> SOURCE MATERIAL:
------
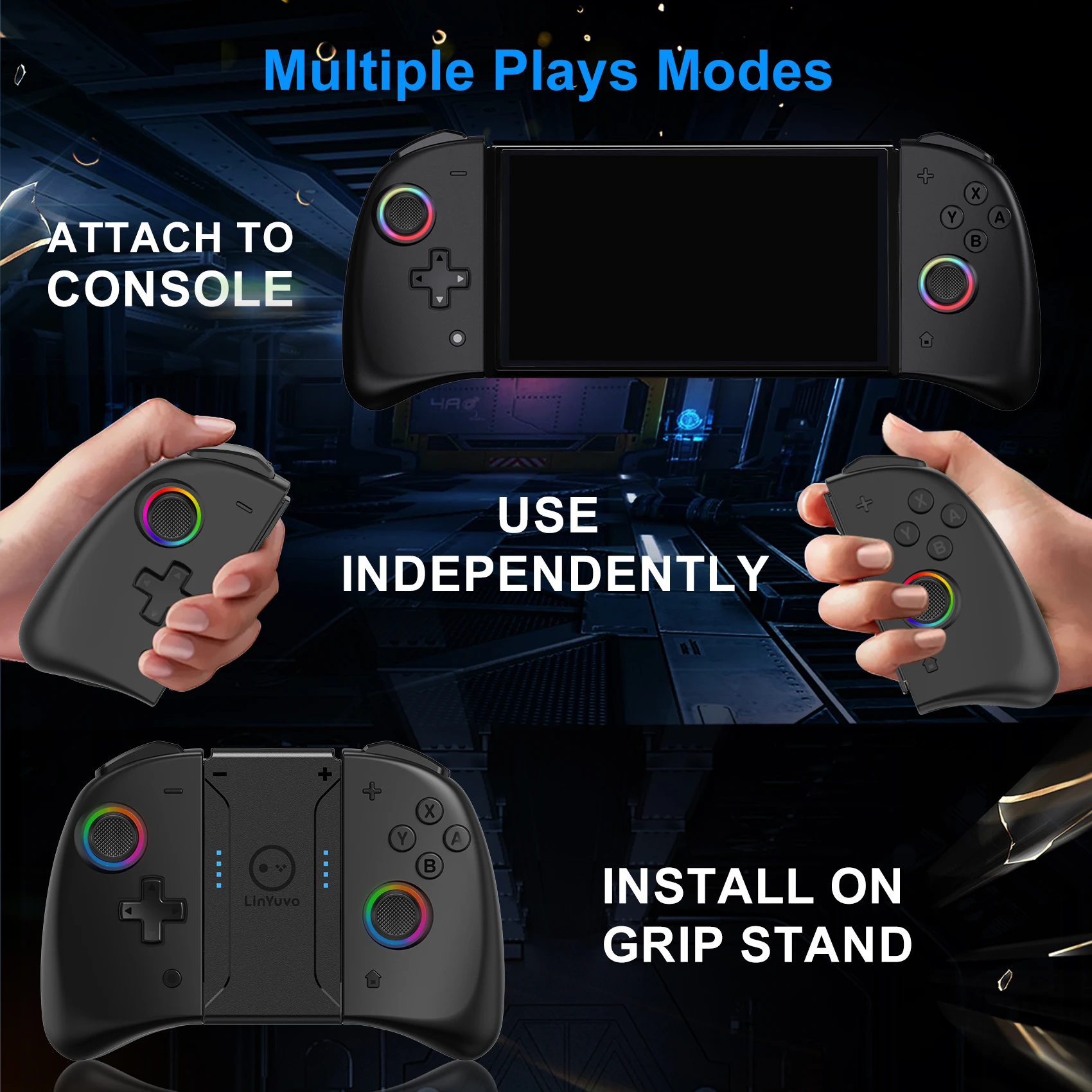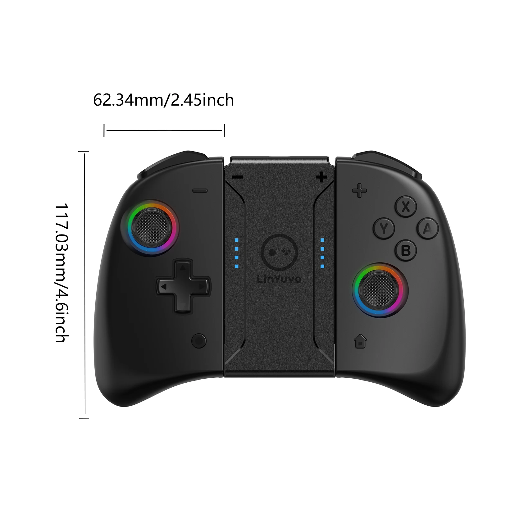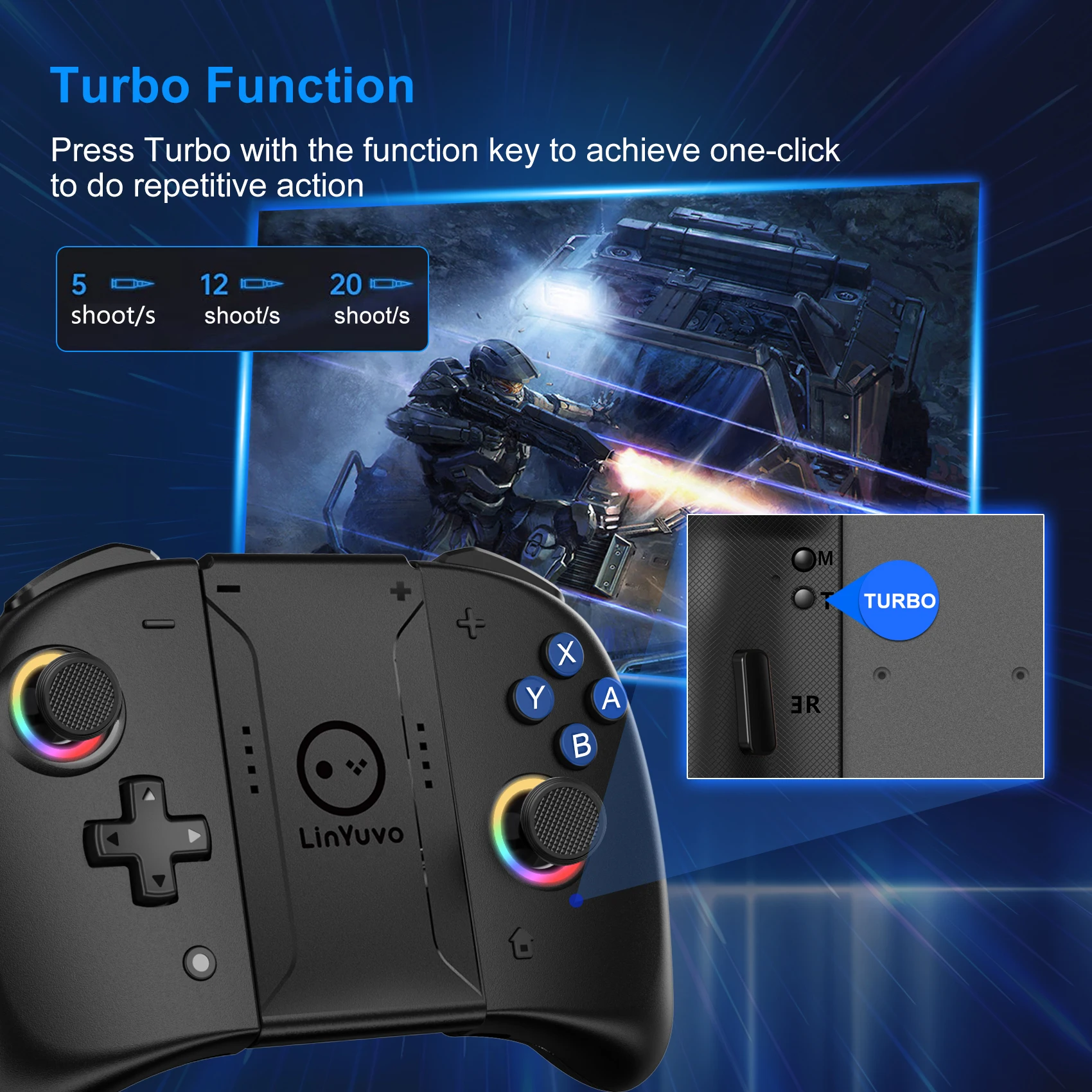 【RGB 조이스틱 라이트 링】 이 컨트롤러는 재생 중에 더 나은 시각적 경험을 위해 조이스틱 주위에 RGB 라이트 링으로 설계되었습니다. 다른 색상과 고유 한 조명 모드 중에서 선택하여 컨트롤러를 강조 표시하십시오.
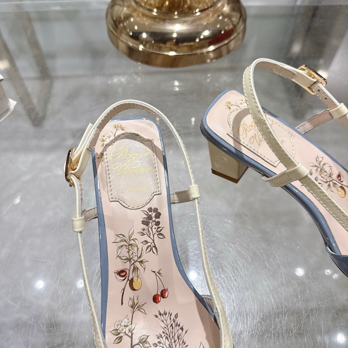 Viv 25 Flower Slingback Blue Italian Leather 300787
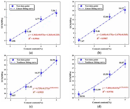 The relationship between UCS and cement content of the specimens at different curing ages: (a) 7 days, (b) 28 days, (c) 56 days, (d) 90 days.
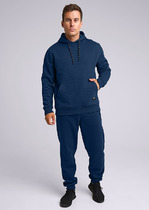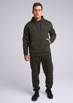 Брюки с отрезным поясом из кашкорсе, двумя карманами в боковых швах и одним накладным карманом сзади.
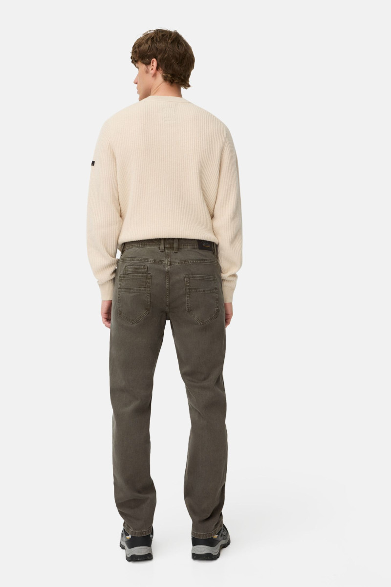 Pánske džínsy Relaxed Fit 5-Pct. Voľnejší strih v oblasti stehien, klasický, stredne vysoký sed. Nohavice s rovným ukončením a tonálnym prešívaním. Nášivka s nápisom brandu nad zadným vreckom. Materiálové zloženie s prímesou elastanu je zárukou vysoko komfortného pocitu počas nosenia a nenáročnej údržby. Veľmi praktický a pohodlný kúsok, ktorý bude vyzerať skvele v kombinácii so športovou bundou a teniskami.
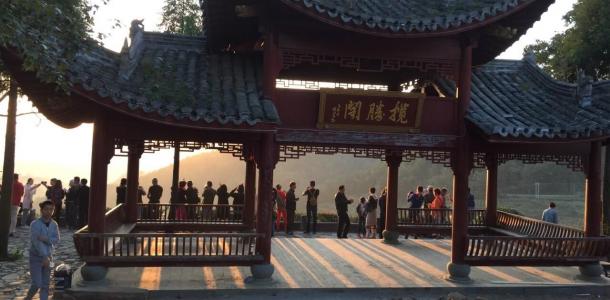 乌石村村里砌房的石头都是黑色的,比较特别。 村子本身比较普通,有意思的是村子可以看日出与梯田。 五点五十到的揽胜阁,已有不少人在此等候。六点零五分左右,太阳逐渐从对面的山头跳出,真是光芒四射,等日出的人们都禁不住欢呼。
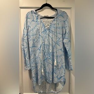 Charlie Holiday Blue White Coco Swim Oversize Beach Coverup Size Small US 4 EU34
------
> EXERCISE REQUIREMENTS: The records above are to be transcribed in full, with images omitted.

> RESULT OF THE TASK:
 【RGB 조이스틱 라이트 링】 이 컨트롤러는 재생 중에 더 나은 시각적 경험을 위해 조이스틱 주위에 RGB 라이트 링으로 설계되었습니다. 다른 색상과 고유 한 조명 모드 중에서 선택하여 컨트롤러를 강조 표시하십시오.
 Viv 25 Flower Slingback Blue Italian Leather 300787
 The relationship between UCS and cement content of the specimens at different curing ages: (a) 7 days, (b) 28 days, (c) 56 days, (d) 90 days.
 Брюки с отрезным поясом из кашкорсе, двумя карманами в боковых швах и одним накладным карманом сзади.
 Pánske džínsy Relaxed Fit 5-Pct. Voľnejší strih v oblasti stehien, klasický, stredne vysoký sed. Nohavice s rovným ukončením a tonálnym prešívaním. Nášivka s nápisom brandu nad zadným vreckom. Materiálové zloženie s prímesou elastanu je zárukou vysoko komfortného pocitu počas nosenia a nenáročnej údržby. Veľmi praktický a pohodlný kúsok, ktorý bude vyzerať skvele v kombinácii so športovou bundou a teniskami.
 乌石村村里砌房的石头都是黑色的,比较特别。 村子本身比较普通,有意思的是村子可以看日出与梯田。 五点五十到的揽胜阁,已有不少人在此等候。六点零五分左右,太阳逐渐从对面的山头跳出,真是光芒四射,等日出的人们都禁不住欢呼。
 Charlie Holiday Blue White Coco Swim Oversize Beach Coverup Size Small US 4 EU34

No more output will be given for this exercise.